The
generations of us living from 1984 to 2020 are witnessing the largest and most
rapid cycle of creation since the Big Bang. That is, one 36-year window
that is competing with the 14.5 billion years of existence that humans know of.
This creation guides what information is available to us, our options, and our
choices in every area of life, thousands of times every day. It can
determine life or death, the transference of wealth, the geopolitics of Earth,
and the expansion of knowledge. We are its creators, and we can neither
stop its creation nor know it in any tangible way. It is: data.
So, what
happened? How did this come about? What made Big Data, big? It has
largely come about because of the ubiquity of processors in the late 20th
century, the creation of and growth of users of the Internet (from 1,000 in
1984 to 2.7 billion in 2016, half of whom are on Facebook), then
miniaturization of processors into smart devices like phones, watches, etc.; however,
mostly now, the exponential growth of data is the result of unstructured
databases (e.g., MongoDB, NoSQL, etc.) to hold all our digital interactions and
behaviors. This unstructured behavioral data currently accounts for about
75% of the data being created. But, we haven’t seen anything yet because
the growth of data will explode even more over the next 15 years from the
Internet-of-Things. (Wall, 2014)
So, how big
is “Big?” According to IBM, in 2012, we created 2.5 gigabytes of data per
day. At this rate, in another much-cited statistic by IBM, which was
originally written by Norwegian, Ase Dragland from think-tank SINTEF in 2013,
90% of all data in the world was created in the prior two
years. (Dragland, 2013) However, this data growth rate – the speed of
creation – is actually accelerating. According to research data scientist
Richard Ferres from the Australian National Data Service (ANDS), we are
creating data 10x faster every two years. (Ferres, 2015) In other
words, starting from 1 in 1985, we were at a speed of 1x1015 in 2015
(e.g. one quadrillion “miles per hour”), and in 2017, our speed of data
creation is 1x1016 (e.g., ten quadrillion “miles per hour”).
If that
acceleration wasn’t fast enough, we’re soon going to be creating data a lot
faster still, because of the Internet-of-Things (IoT). The IoT is the
collective name for the billions of devices that are being embedded with
sensors to communicate data in networks – think of the “smart” refrigerator by
Samsung that tracks what groceries are inside it, or the car or home alarm
system or baby monitor that you can control with your mobile phone. Technology
research group Gartner estimates there were 6.7 billion such devices or sensors
on-line in 2016, (Gartner, 2015) and competitor research group IDC
estimates there will be 30 billion by 2020. (IDC, 2014) Recall, there
are approximately 2.7 billion Internet users. So, the prediction is the
number of data creators will increase by 10x within the next three years
alone. Simplistic math would suggest that 10x the number of data creators
accelerating at 10x every two years may mean that within 3-4 years, the speed
of our annual data creation will accelerate 100x every two years.
But these
numbers are at such a scale as to make them difficult for human brains to
understand or imagine. Two gigabytes, which was 80% of the amount of data
we collectively created in 2012 every day, is about 20 yards (60 feet) of
average-length books on a shelf, or about 6.67 kilometers (4.15 miles) of books
per year. But because we created data 10x faster in 2016, it means we
were up to 66.7 kilometers (41.5 miles) of books face-to-back per year.
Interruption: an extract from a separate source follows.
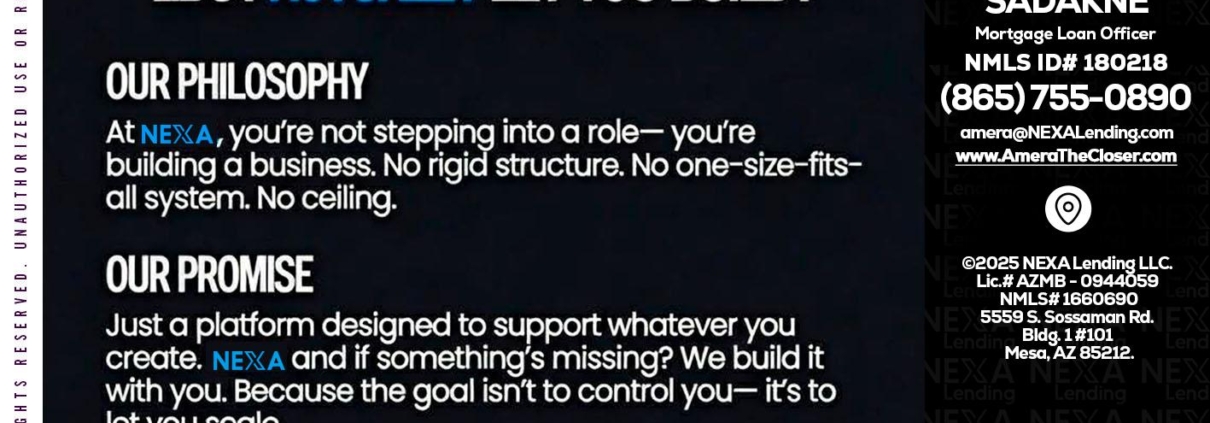 NEXA INSIGHTS - Amera Sadakne -Mortgage Loan OriginatorHi, my name is Amera Sadakne. I’m a Loan Officer with NEXA Lending LLC., offering personalized mortgage solutions, fast customized quotes, great rates and service with integrity.

If we accelerate 10x faster by 2018, as predicted, and 100x faster as suggested
above by 2020, that would mean we will create 667 kilometers (415 miles) of
books on a shelf in 2018, and will be creating 6,667 kilometers (4,150 miles)
of books on a shelf, every year, by 2020. At this rate, if we were publishing
books instead of electronic data, it would be enough to encircle the Earth at
the equator every year sometime before 2022 – only six years away.
Imagine if
meaningful knowledge or discovery in Big Data were diamonds in the Earth.
To mine or find them, we have to collect tens of thousands of cubic yards of
soil. Then, someone comes along with an invention that enables us to
collect billions of cubic yards of soil premised on the theory that we will
find orders of magnitude more diamonds in orders of magnitude more dirt.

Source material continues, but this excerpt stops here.